Ta strona została skorygowana.

— Obawa, ażeby nie być natrętnym...
— W każdym razie mów pan... Jeżeli to będzie niemożebne, wręcz to panu oświadczę.
— Otóż pragnąłbym wielce obecnym być przy badaniu Weroniki Sollier. Czy to niemożebne?
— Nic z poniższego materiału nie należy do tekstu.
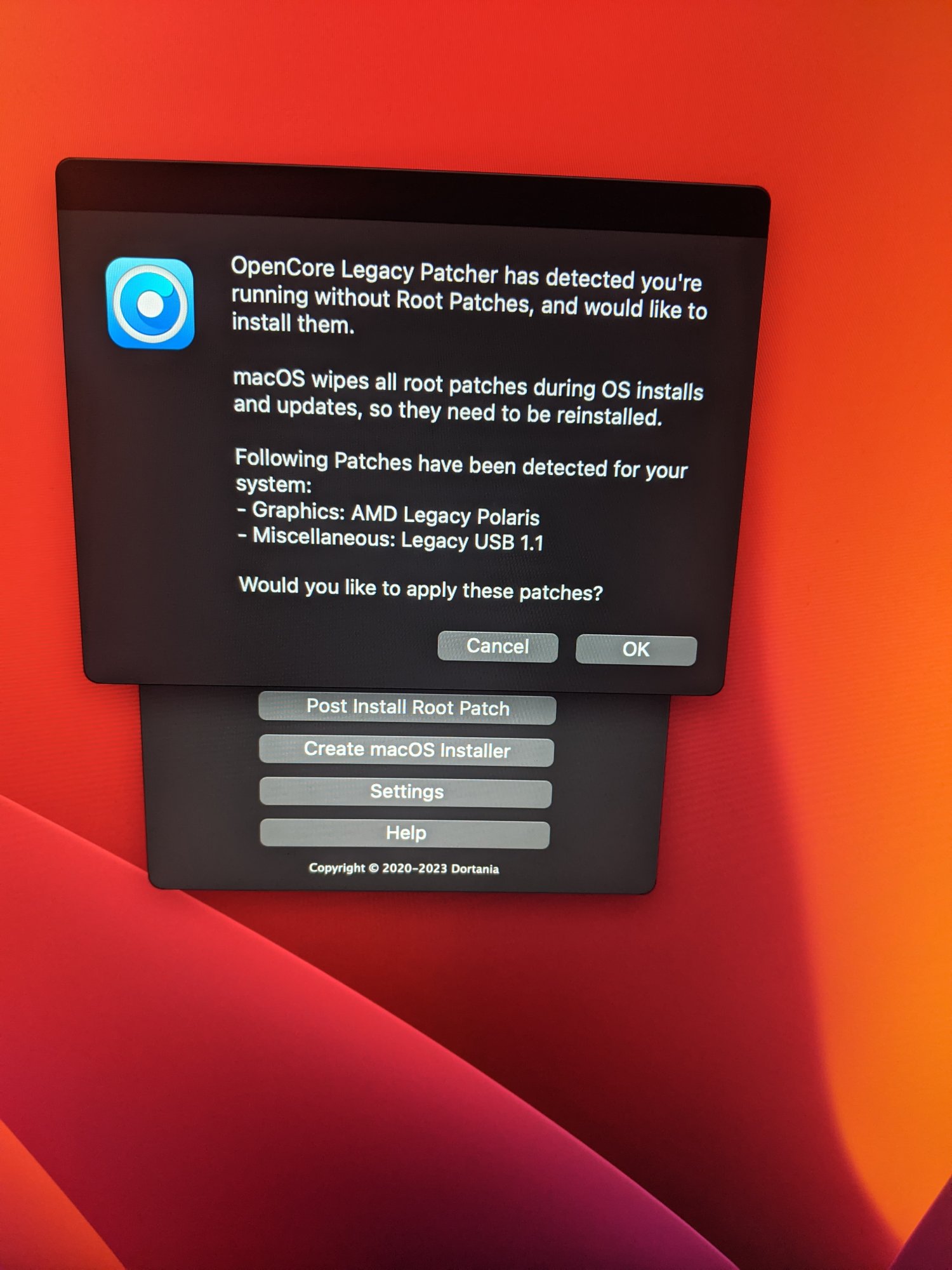 Once I got back into my Ventura install OCLP asked me to apply Polaris Patches and USB 1.1 patches, (that's the 4th picture). [ This will require an active internet connection as OCLP will have to download the patches ]. I clicked ok and OCLP downloaded and applied the patches. And then I restarted.

— Byłoby to niemożebne, gdyby Weronika stawała przedemną jako oskarżona — odparł Daniel Savanne — i moim obowiązkiem wtedy byłoby odpowiedzieć panu: Nie. Ale tego wypadku niema, gdyż Weronika będzie przezemnie wypytywana w roli świadka. Zresztą pan znajdujesz się w warunkach wyjątkowych. Jesteś pan bliskim krewnym ofiary, a zatem interesowanym nie mniej jak sprawiedliwość w poznaniu prawdy. Przytem niektóre rzeczy w odpowiedzi świadka mogą ujść uwadze urzędnika, a nie uszłyby pańskiemu bystremu umysłowi.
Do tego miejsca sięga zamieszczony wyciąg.